Assignment
Using the listing below, output only the lines from the one that contains "Cuaderno de tapa" through the one that contains "紅油辣椒醬自動(dòng)灌", inclusive, exactly as given and without images.

Records supplied
□ □ □ □ □
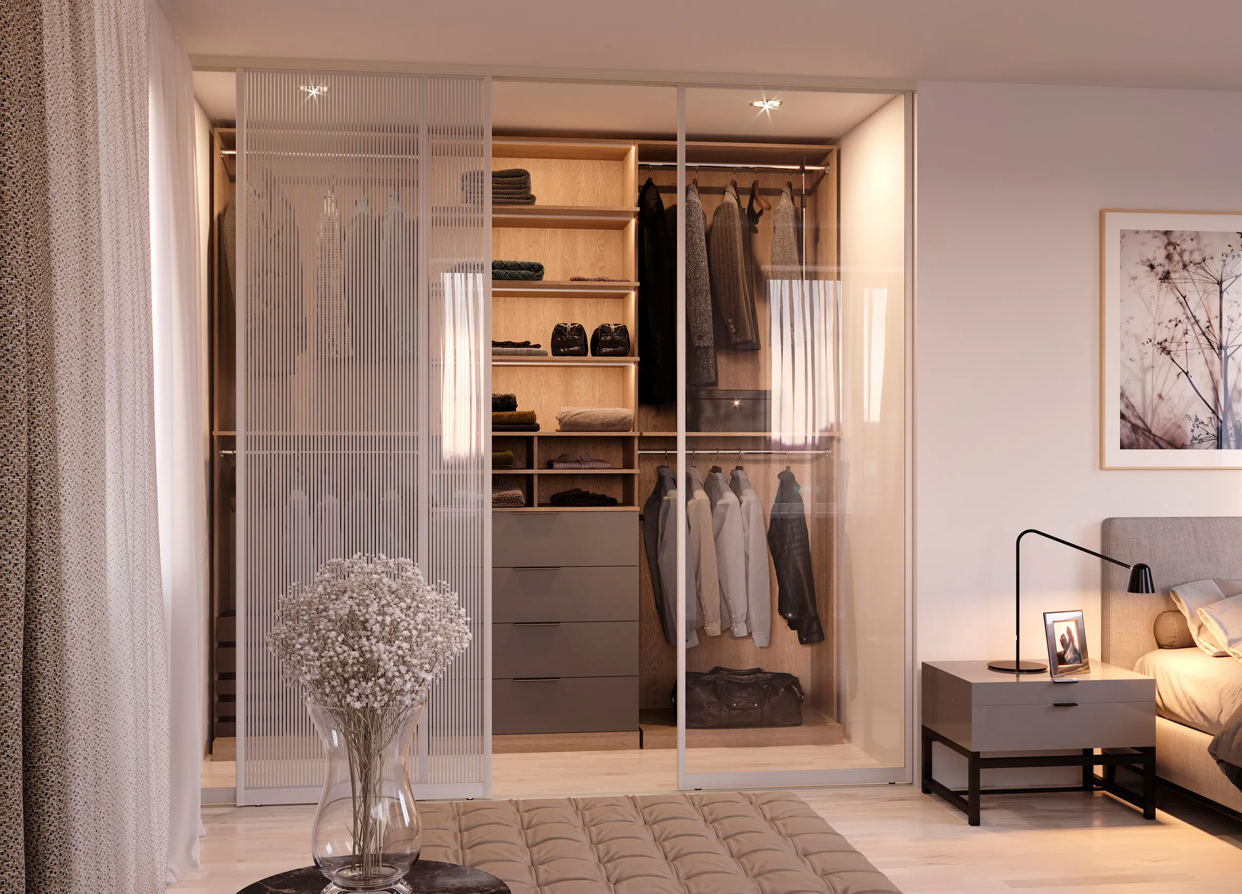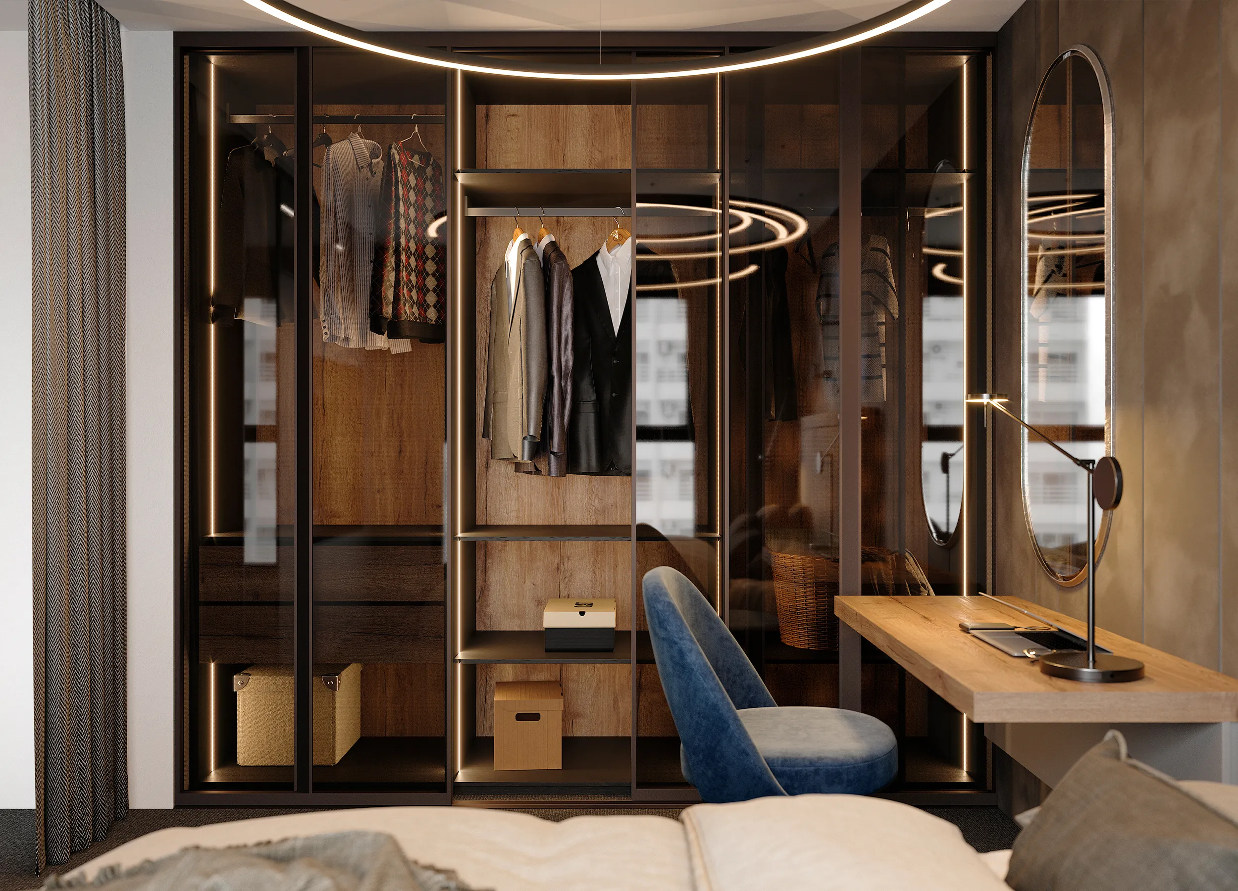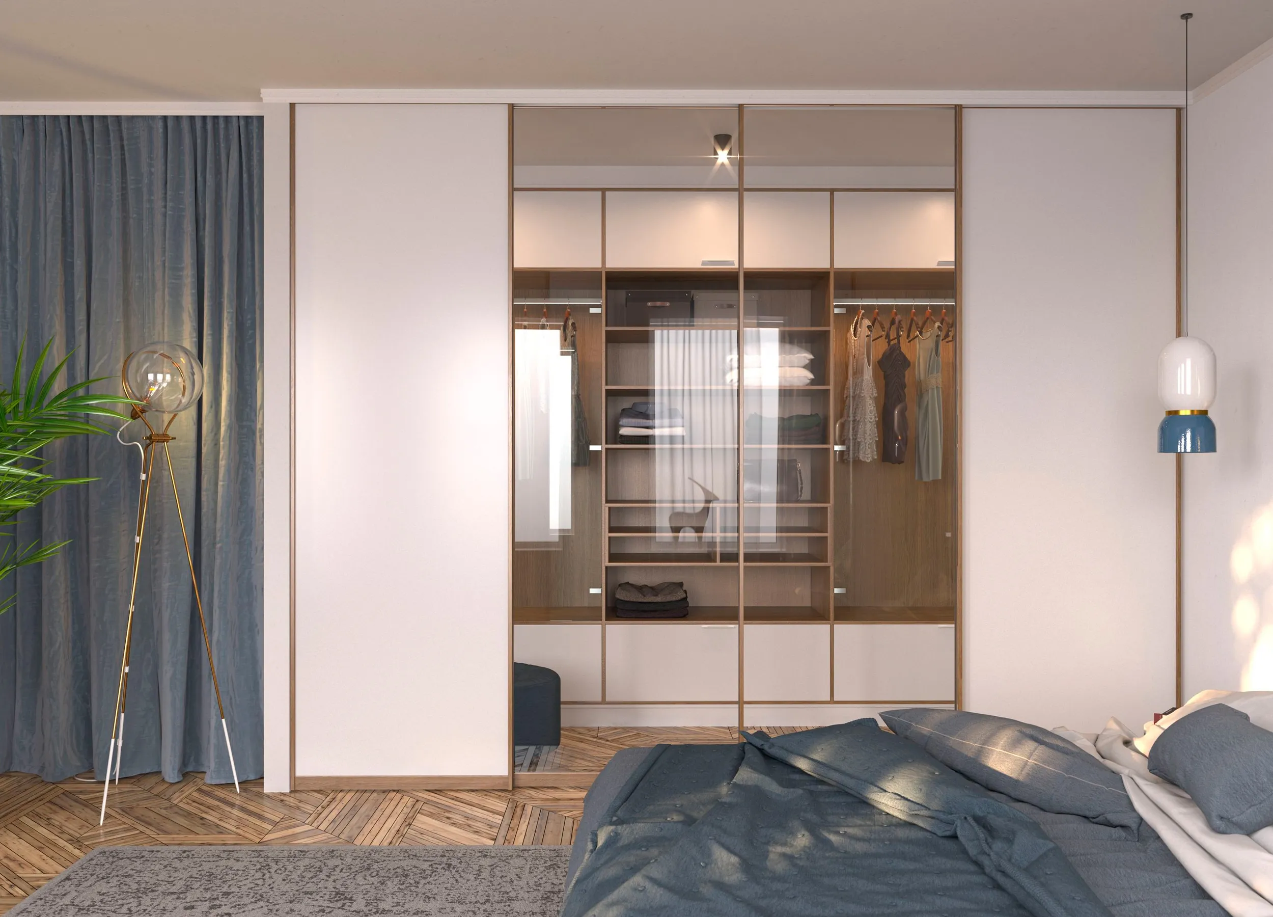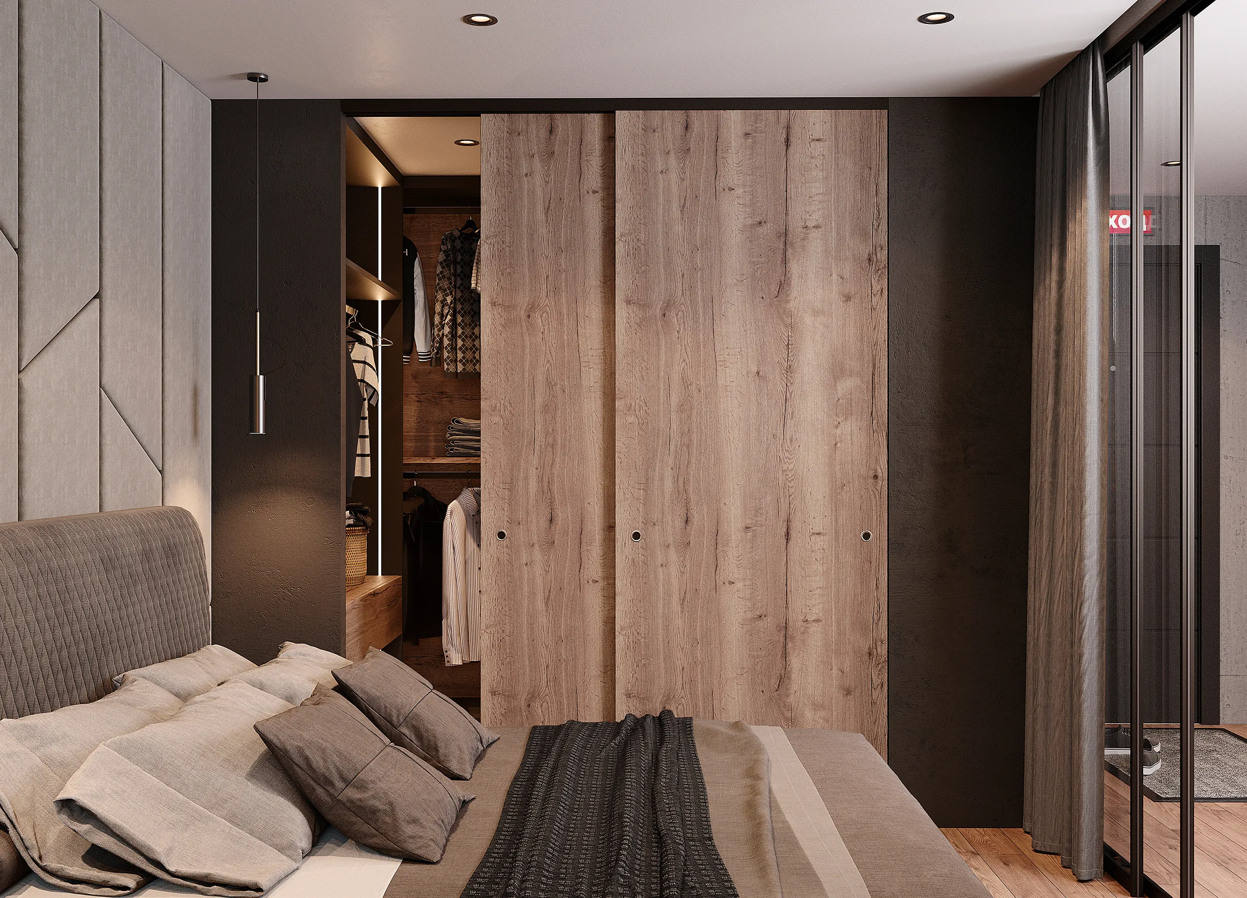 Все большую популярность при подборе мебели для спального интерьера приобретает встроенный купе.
□ □ □ □ □
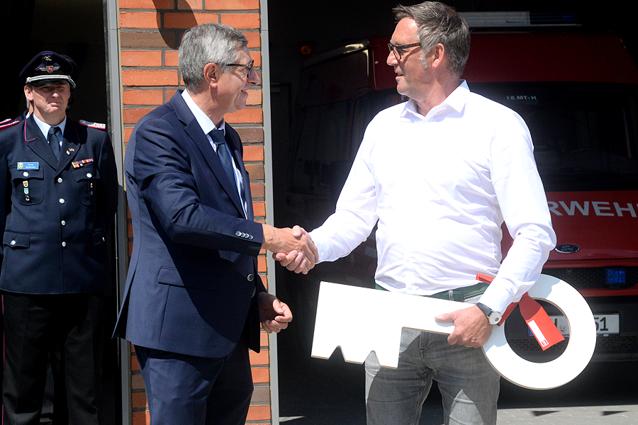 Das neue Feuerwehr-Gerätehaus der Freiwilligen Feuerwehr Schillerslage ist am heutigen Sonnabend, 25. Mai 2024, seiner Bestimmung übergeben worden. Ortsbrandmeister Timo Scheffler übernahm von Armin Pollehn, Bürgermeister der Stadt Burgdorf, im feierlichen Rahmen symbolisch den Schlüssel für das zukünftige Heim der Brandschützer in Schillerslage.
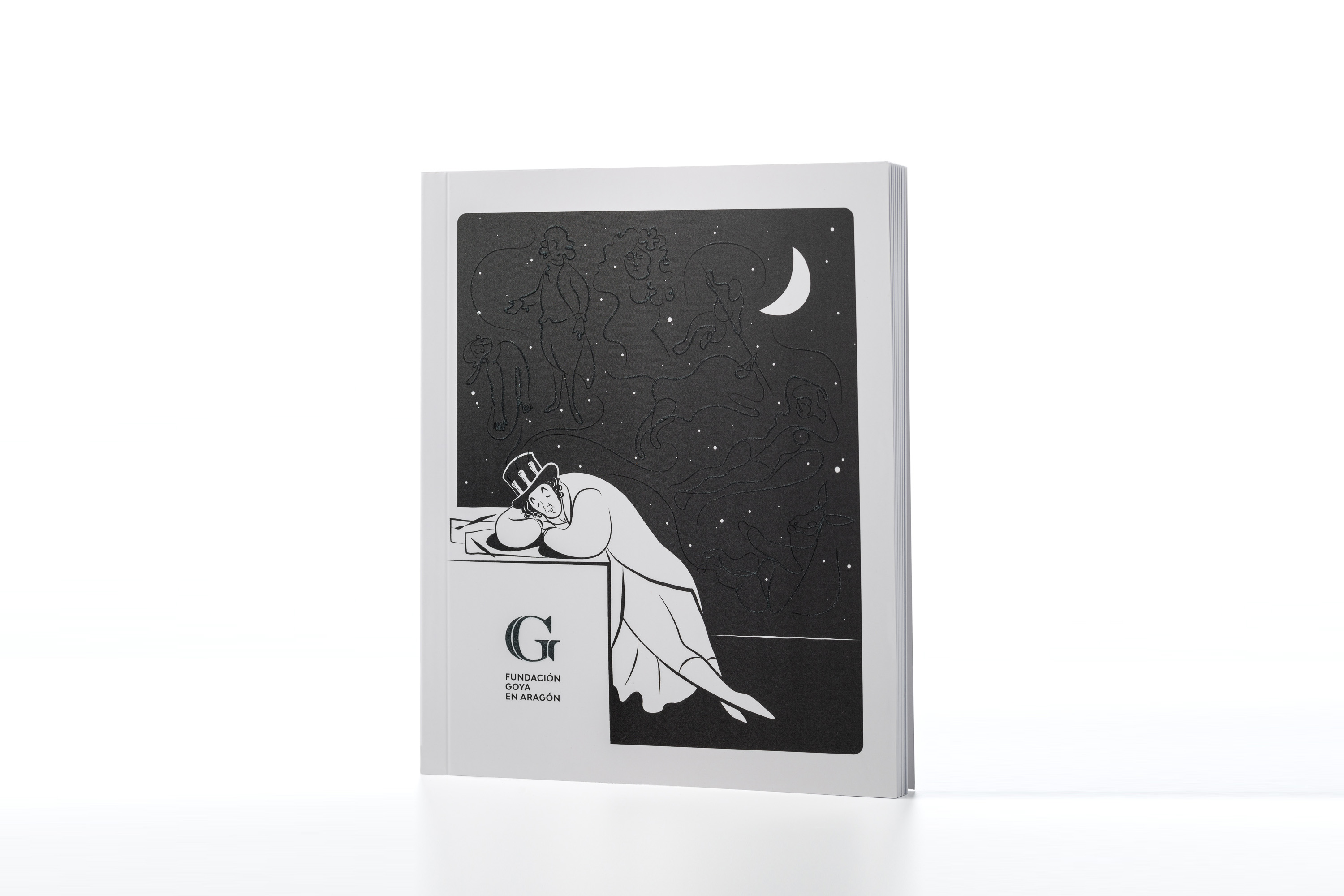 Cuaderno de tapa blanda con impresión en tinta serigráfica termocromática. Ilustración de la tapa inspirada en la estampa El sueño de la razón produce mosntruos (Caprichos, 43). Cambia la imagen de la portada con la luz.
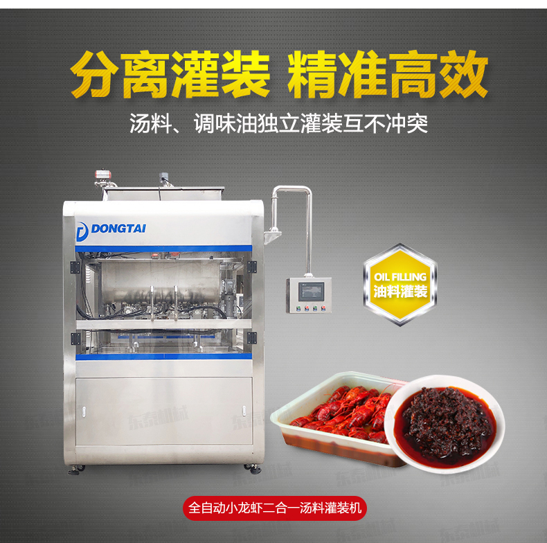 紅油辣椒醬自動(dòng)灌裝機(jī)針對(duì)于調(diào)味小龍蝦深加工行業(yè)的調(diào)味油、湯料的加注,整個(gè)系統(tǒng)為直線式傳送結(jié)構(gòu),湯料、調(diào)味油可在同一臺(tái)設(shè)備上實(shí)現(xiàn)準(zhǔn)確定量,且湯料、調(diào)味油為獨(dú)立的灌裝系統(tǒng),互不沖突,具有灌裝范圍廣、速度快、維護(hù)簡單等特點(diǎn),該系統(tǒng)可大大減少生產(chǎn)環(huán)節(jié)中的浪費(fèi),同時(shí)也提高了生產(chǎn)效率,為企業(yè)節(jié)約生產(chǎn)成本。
□ □ □ □ □
Answer to this task
 Cuaderno de tapa blanda con impresión en tinta serigráfica termocromática. Ilustración de la tapa inspirada en la estampa El sueño de la razón produce mosntruos (Caprichos, 43). Cambia la imagen de la portada con la luz.
 紅油辣椒醬自動(dòng)灌裝機(jī)針對(duì)于調(diào)味小龍蝦深加工行業(yè)的調(diào)味油、湯料的加注,整個(gè)系統(tǒng)為直線式傳送結(jié)構(gòu),湯料、調(diào)味油可在同一臺(tái)設(shè)備上實(shí)現(xiàn)準(zhǔn)確定量,且湯料、調(diào)味油為獨(dú)立的灌裝系統(tǒng),互不沖突,具有灌裝范圍廣、速度快、維護(hù)簡單等特點(diǎn),該系統(tǒng)可大大減少生產(chǎn)環(huán)節(jié)中的浪費(fèi),同時(shí)也提高了生產(chǎn)效率,為企業(yè)節(jié)約生產(chǎn)成本。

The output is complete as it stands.